By Mark Little, GSMA Intelligence
Going into this year’s M360 ‘Security for 5G’ event we have selected eight 5G security predictions for 2020. On Tuesday 28th May 2019 17.30-18.00 in The Hague, our distinguished Predictions panel will discuss 5G security and add their own predictions to the list.
IoT devices are already driving significant growth in the breadth of the threat landscape. Now 5G’s slicing and softwarization of the network is set to catalyze its complexity as well. Breaches will only get worse, and this time we will see advanced use of AI and DIY hacking kits available from the dark net enabling amateurs and hacking-as-a-service.
5G connectivity will enable a huge increase in the use of IoT devices and industrial control systems for DDoS attacks, phishing, ransomware, and crypto mining. However, attribution and intelligence on cyber-attacks is expected to improve markedly next year enabling better predictive maintenance and coordination of strategic response.

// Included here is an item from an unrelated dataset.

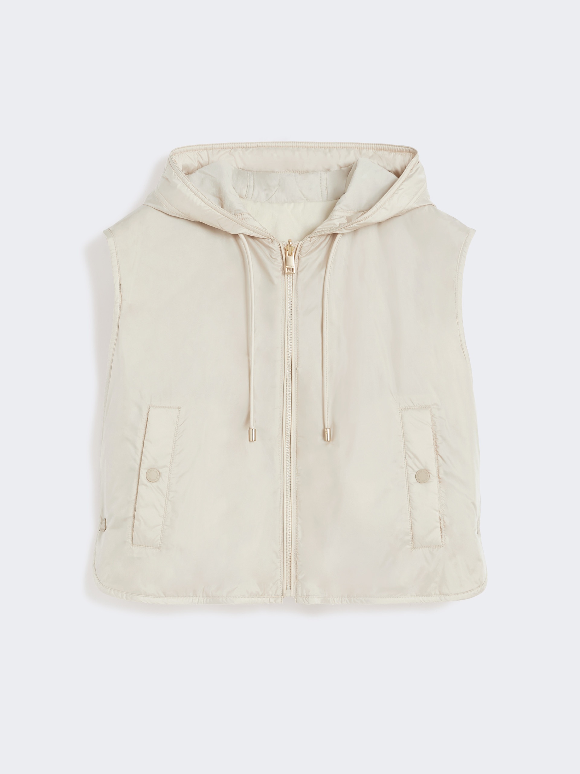 DETAILS Short gilet with a drawstring hood and the following padding: Luxepad Ultra Fine Insulating Technology Camel-Silk Blend Edition. Water-repellent canvas gilet with an onion-quilted interior Straight fit with an adjustable internal waist drawstring Front zip fastening Welt pockets on both sides Press stud-fastening side slits Weekend Max Mara logo print on the yoke lining COMPOSITION AND CARE Fabric 100% polyester; with quilting in 49% polyester, 46% camelwool, 5% silk; inner fabric 100% polyamide; internal upper part 100% cotton; - exclusive of decoration. Do not wash; do not bleach; do not tumble dry; do not iron; professionally dry clean perchloroethylene - mild process; do not wet clean.; don’t iron the labels.; protect zipper tongue and slide before cleaning.; protect the ends stoppers and/or the cord ends before washing. Distributed by Max Mara S.r.l., registered office in Reggio Emilia (Italy), Via Giulia Maramotti 4, 42124 (IT)

SDN, NFV, cloud platforms and open source software are powerful technologies central to the future of mobile networks’ supply chain. But without proper planning and automation the complexity of this supply chain can make it easy to misconfigure leading to the exploitation of network vulnerabilities in 2020.
In the race to 5G deployment there is a risk that security-by-design gets left behind; integrating legacy networks with 5G could create interworking vulnerabilities; IP-based signaling security threatens a protocol that could be insecure and complicated to monitor; hasty deployments could lead to inaccurate provisioning according to 5G standards; availability of cybersecurity skills will also fall behind in 2020 exacerbating the security lag for 5G networks still further.

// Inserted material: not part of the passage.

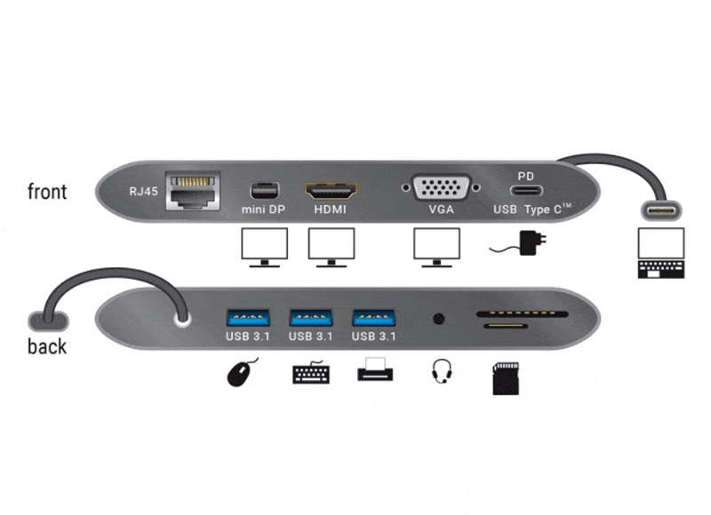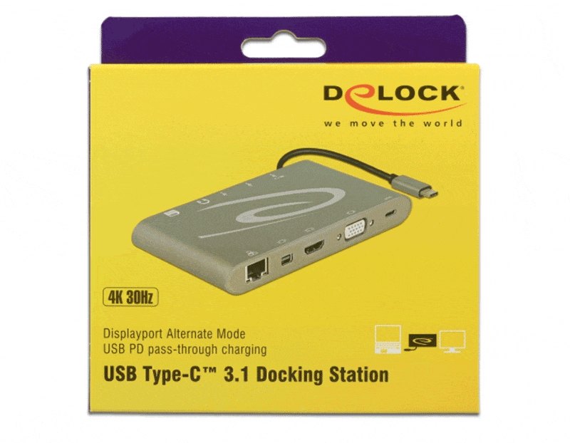 En utilisant le mode DisplayPort Alternate via son port USB Type C, la station permet de connecter deux moniteurs à un ordinateur portable compatible via HDMI et/ou DisplayPort et/ou VGA. Lors de l'utilisation d'un seul moniteur, des résolutions allant jusqu'à Ultra HD 4K 30Hz peuvent être affichées sur l'interface HDMI ou DisplayPort et jusqu'à 1920×1200 sur l'interface VGA. En cas d'utilisation d'un affichage double, la résolution maximale est de 1920×1080 60Hz.

The 5G attack surface could make GDPR compliance more expensive. New business application development will become conflicted between spending on GDPR compliance and security-by-design or even between paying the cheapest between ransomeware demand or ICO fine. Chasing GDPR compliance, could distract companies leading to critical cyber-security omissions.
Increased awareness of digital risks. People start to defend themselves and their ‘personal economy’; protecting their net wealth from personalization that over-exploits their spending, defending their knowledge from fakery; and managing their positive reputation and influence. Consumers start choosing companies that champion their privacy and data, respecting and protecting their interests.
Next year we will see cybersecurity forces indexing the dark web and a growing number of missions to disrupt illegal data market places. Failure to degrade the power of the dark net as a considerable cybercrime asset will increase the velocity and frequency of major exploits.
In 2020 the bad actors will not have it all their own way. Cybersecurity forces will see some big wins and new multi-layered security approaches will prove their worth. Cyber defenses will see closer integration across security, attribution, intelligence, strategic response, and cyber insurance.